I want to do two things.
- Estimating Coefficients of AR model using LMS
- Using Coefficients found in step 1 and predict future samples of a signal using AR equation. I don't have a desired signal so I can't use future samples as well.
The equation of Autoregressive model is $$x(n) = \sum_{i=1}^p a_i x(n-i) + e(n)$$
where $p$ indicates the AR model order ($p=30$ in my case) and $\mathbf{a}$ shows the AR coefficients $\{a_1, a_2, a_3, a_4,\ldots, a_{30}\} $.
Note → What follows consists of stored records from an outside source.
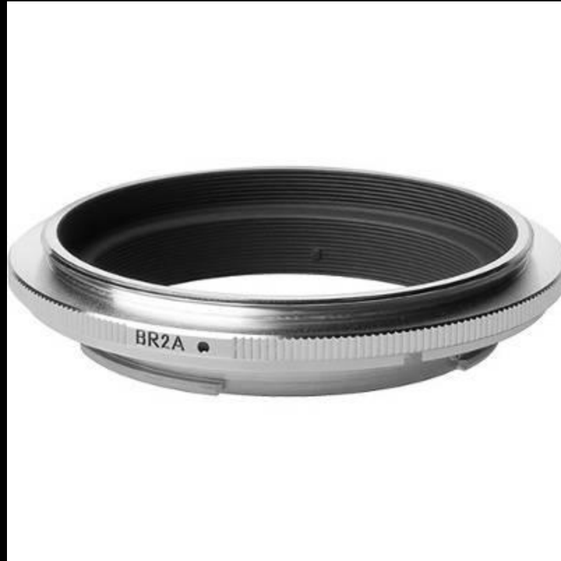
Nikon BR-2A Reversing Ring About $40
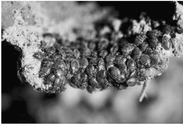
FIG. 1. Swallow bugs ( Oeciocacus vicarius ) clustering at the entrance of an unused cliff swallow nest, apparently in attempts to disperse on the legs or feet of a bird.

overwinter in cliff swallows' nests or in the cracks and crevices of the nesting substrate near the nests. Infestations can reach 2600 bugs per nest, and the bugs affect many aspects of cliff swallow life history (Brown and Brown 1986, 1992, 1996, Chapman and George 1991, Loye and Carroll 1991). Swallow bugs begin to reproduce as soon as they feed in the spring. Eggs are laid in several clutches that hatch over variable lengths of time, ranging from 3–5 days (Loye 1985) to 12–20 days (Myers 1928). Bug populations at an active colony site increase throughout the summer, reaching a peak at approximately the time nestling cliff swallows fledge. The bugs seem to be adapted to withstanding long periods of host absence, in some cases for up to three consecutive years (Smith and Eads 1978, Loye 1985, Loye and Carroll 1991, Rannala 1995). Bugs also parasitize introduced house sparrows ( Passer domesticus ) that occupy nests in some cliff swallow colonies (Hopla et al. 1993, Brown et al. 2001). Swallow bugs disperse between nests within a colony by crawling on the substrate and disperse between colony sites by clinging to the feet and legs of cliff swallows that move from one site to another (Brown and Brown 2004a).
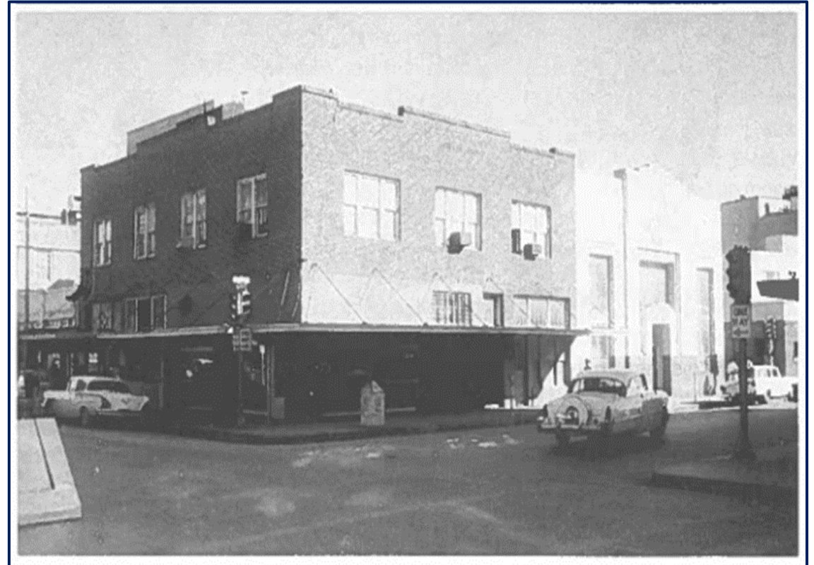
Seeligson Building / Current Building at 425 Peoples St
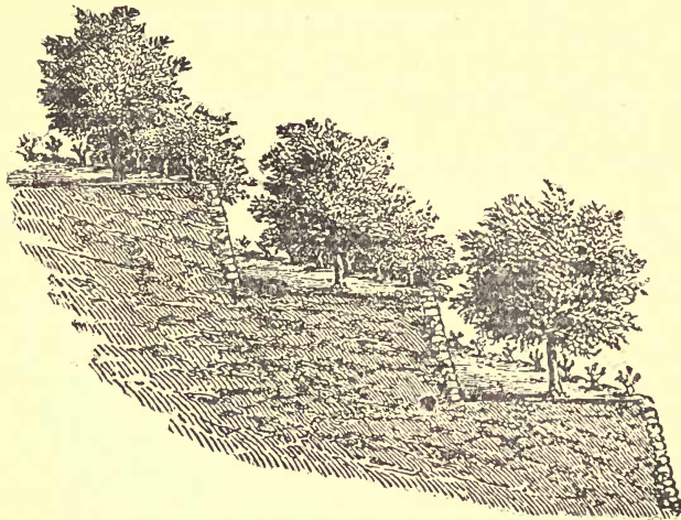
TERRACING VINES AND OLIVE TREES.

In places in Southern Europe, where every bit of land is turned to account, it not unfrequently happens that there is a steep, rocky corner where vines could not be profitably cul-
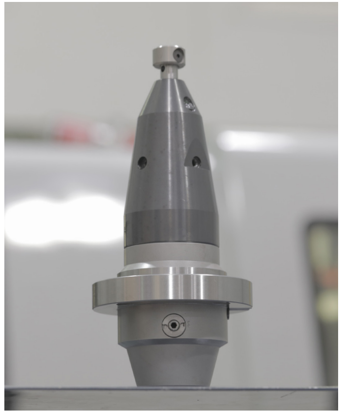
Image: shows the pusher at the rear of the W20 Premierplus which contains the hydraulic intensifier inside the body of the adaptor

The Premierplus Adaptor range is available in W20, W25 and B32/45 sizes in Precision Collet Assembly (PCA) versions only. The Premierplus PCA version is designed to further control tool runout as it enables operators to radially adjust the collet via adjustment screws.
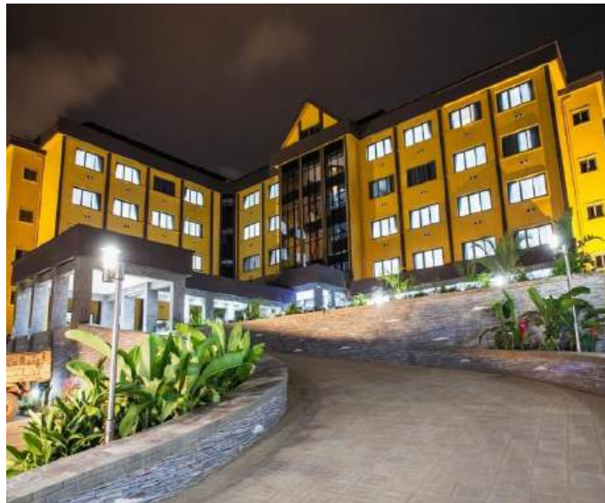
Grand Legacy Hotel

2.5km from Kigali Convention Center, Kigali International Airport is 2 km away.

And LEAST MEANS SQUARE (LMS) algorithm is as follows:
Order=30; % AR model order
M=30; % No of filter coefficients same as AR model order
mu=0.001; % Learning rate/ step size
x=signal(1,1:700); % length of signal is 700 samples, x= input signal
N=length(x);
Predicted_signal=zeros(1,N);
w=zeros(1,M); % weights / filter coefficients
for n=M:N
pp=n-M+1;
x1=x(n:-1:pp);
Predicted_signal(n)=(w*x1');
e(n)=x(n)-Predicted_signal(n); %e(n)=d(n)-y(n); reference signal - actual signal
w=w+2*mu*e(n)*x1;
w1(n-M+1,:)=w(1,:); % filter coefficients
end
Coefficients (weights/ w) found in previous code to be used in AR equation.
ts = prediction starting point that is 436th sample
Predicted_signal_ar= orignal_signal(1,1:436);
for i=1:Order
t=ts-i;
prediction1(1,i)=(w(1,i)*Predicted_signal_ar(t)); %% putting lms coefficients in AR equation
end
s1(1,a)=sum(prediction1(1,:));
Predicted_signal_ar(1,ts)=s1(1,a);
There is some error in my code and I am not sure what is it. The above code should give me close to actual Coefficients which then I pass to step 2 for AR prediction. In results of 2nd step there is a sudden jump in prediction of first few points and prediction performance is also poor.